Since the proliferation of the internet and digitization of information, we have witnessed several warning signs. Online course delivery, e-textbooks, the rise and fall of large for-profit institutions, MOOCS, certificates, and micro-credentialing have each commanded attention in the past two decades. While some of these innovations have persisted and some failed, each represents a foreshock prior to a large seismic event that we have not yet experienced.

An unchanging model
A longitudinal look at American higher education shows the business model remains unchanged. Institutions continue to cyclically recruit (a dwindling number of) students and steward them through a one-size-fits-all curriculum and delivery model that much resembles the student experience at Harvard University in 1636. Students arrive in late August, take four or five classes each semester and go home in May.
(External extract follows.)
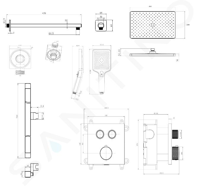 - dimensions du pommeau de douche : 120 x 110 mm
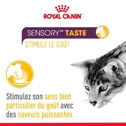 - ROYAL CANIN Sensory Taste a été élaboré spécifiquement à partir de saveurs sélectionnées pour stimuler le sens particulier du goût de votre chat.

After four years, a degree is granted. Though some classes are now hybrid, flipped, online, or leverage other high-impact practices, the overarching student experience is still the same.

In 2018, we live in an on-demand world. Consumers can start and stop television and movie content, purchase only the individual song they like, and are surrounded by digital assistants that can deliver the entirety of the internet through voice commands. Facebook reported 2.19 billion active monthly users in the first quarter of 2018, Amazon serves 310 million customers, Netflix has 100 million subscribers, and Google currently has seven unique products with over one billion monthly active users each. Collectively Facebook, Amazon, Netflix and Google are known on Wall Street as the “FANG” stocks and share dominance of the tech sector. Though their stocks fluctuate every day, collectively the four FANGs are worth about $1.5 trillion, roughly equivalent to the entire GNP of Canada.

Any of the FANG companies, and even some of their less-well-positioned competitors, has the resources to purchase a university in financial distress, assume their accreditation and infrastructure, and begin delivering academic content and granting degrees. I highlight them not for their purchasing power, but because they have each changed the way we live, consume, expect, and demand content and services. Billions of college-aged people are already users, have linked their profile to their bank account, and have multiple networked devices through which they interact and consume information.